He does not know that in seven centuries his writing language will have founded a nation. This Italian language that, strong of the literary brilliance installed by him, another writer, in the XIXe century, will impose in an ode to unity: “Style is only the way of putting together the materials of a language, so that the fundamental question is still the language”, wrote Alessandro Manzoni, indicating that he was convinced of a stay in Tuscany where he was able to “Rinse your sheets in the waters of the Arno” – understand: perfect your style thanks to the Tuscan dialect.

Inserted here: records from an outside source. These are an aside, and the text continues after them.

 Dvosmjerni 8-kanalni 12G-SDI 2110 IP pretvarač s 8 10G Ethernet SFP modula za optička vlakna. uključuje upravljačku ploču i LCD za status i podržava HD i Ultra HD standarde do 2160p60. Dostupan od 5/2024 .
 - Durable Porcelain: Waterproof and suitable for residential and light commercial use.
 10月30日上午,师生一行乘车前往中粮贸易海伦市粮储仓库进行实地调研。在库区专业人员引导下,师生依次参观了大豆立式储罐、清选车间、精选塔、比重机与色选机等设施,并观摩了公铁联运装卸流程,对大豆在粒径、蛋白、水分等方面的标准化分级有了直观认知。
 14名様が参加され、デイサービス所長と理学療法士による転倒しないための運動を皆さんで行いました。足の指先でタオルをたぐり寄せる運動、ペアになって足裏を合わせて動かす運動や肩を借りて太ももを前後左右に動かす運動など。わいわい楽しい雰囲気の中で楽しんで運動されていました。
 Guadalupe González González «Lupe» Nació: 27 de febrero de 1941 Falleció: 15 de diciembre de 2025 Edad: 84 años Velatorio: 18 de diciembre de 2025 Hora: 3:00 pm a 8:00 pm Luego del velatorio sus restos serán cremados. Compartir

This regional language is first of all that of Dante, his mother tongue, in the bustle of Florence from the years 1265 to 1300. But it is not then that of his neighbors, who diverge. “In their dialects, like the people of Milan and those of Verona, those of Rome and Florence, and also those who belong to the same people, like the inhabitants of Naples and Gaeta, of Ravenna and Faenza, and finally, what is even more remarkable, those who remain under the same city regime, such as the Bolognese living in the town of Saint-Félix, and the Bolognese of the Grand-Rue ” (EV, I, 9).

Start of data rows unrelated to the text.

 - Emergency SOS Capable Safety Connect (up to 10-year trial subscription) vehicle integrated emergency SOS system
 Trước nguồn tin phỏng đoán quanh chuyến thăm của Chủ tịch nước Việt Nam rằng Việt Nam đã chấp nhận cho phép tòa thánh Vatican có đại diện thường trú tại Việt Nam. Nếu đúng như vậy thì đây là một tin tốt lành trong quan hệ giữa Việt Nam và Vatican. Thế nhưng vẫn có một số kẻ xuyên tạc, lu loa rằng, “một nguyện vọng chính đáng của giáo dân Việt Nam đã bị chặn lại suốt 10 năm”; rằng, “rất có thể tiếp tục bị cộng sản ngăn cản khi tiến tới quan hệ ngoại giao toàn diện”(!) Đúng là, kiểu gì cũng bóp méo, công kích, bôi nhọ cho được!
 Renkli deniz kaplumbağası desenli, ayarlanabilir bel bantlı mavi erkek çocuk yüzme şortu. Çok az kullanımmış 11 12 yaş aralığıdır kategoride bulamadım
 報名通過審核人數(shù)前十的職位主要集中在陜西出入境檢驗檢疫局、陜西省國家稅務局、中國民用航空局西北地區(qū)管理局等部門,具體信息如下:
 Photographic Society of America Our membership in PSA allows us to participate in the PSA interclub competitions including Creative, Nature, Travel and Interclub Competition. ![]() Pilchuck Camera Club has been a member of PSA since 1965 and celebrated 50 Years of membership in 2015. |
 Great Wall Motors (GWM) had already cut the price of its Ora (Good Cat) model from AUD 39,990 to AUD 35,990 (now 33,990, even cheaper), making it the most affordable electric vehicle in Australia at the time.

His roaming makes him take the measure of this incommunicability. In the summer of 1304, he was in Bologna, not far from this place where the white exiles, his former relatives, attempted a disastrous military solution, when he began to write Eloquence in vulgar. Far from military or civic ground, he is now engulfed in writing and carries out all his treaties, here in Bologna, then in Lucca, before Milan in 1311, where he meets the just crowned Emperor Henry VII, in which he places the hope of his democratic ideals. In The monarchy, he then expresses his conviction of a strong temporal power, distinct from spiritual power. A question which will not be resolved, in part, until the Lateran Agreements in 1929.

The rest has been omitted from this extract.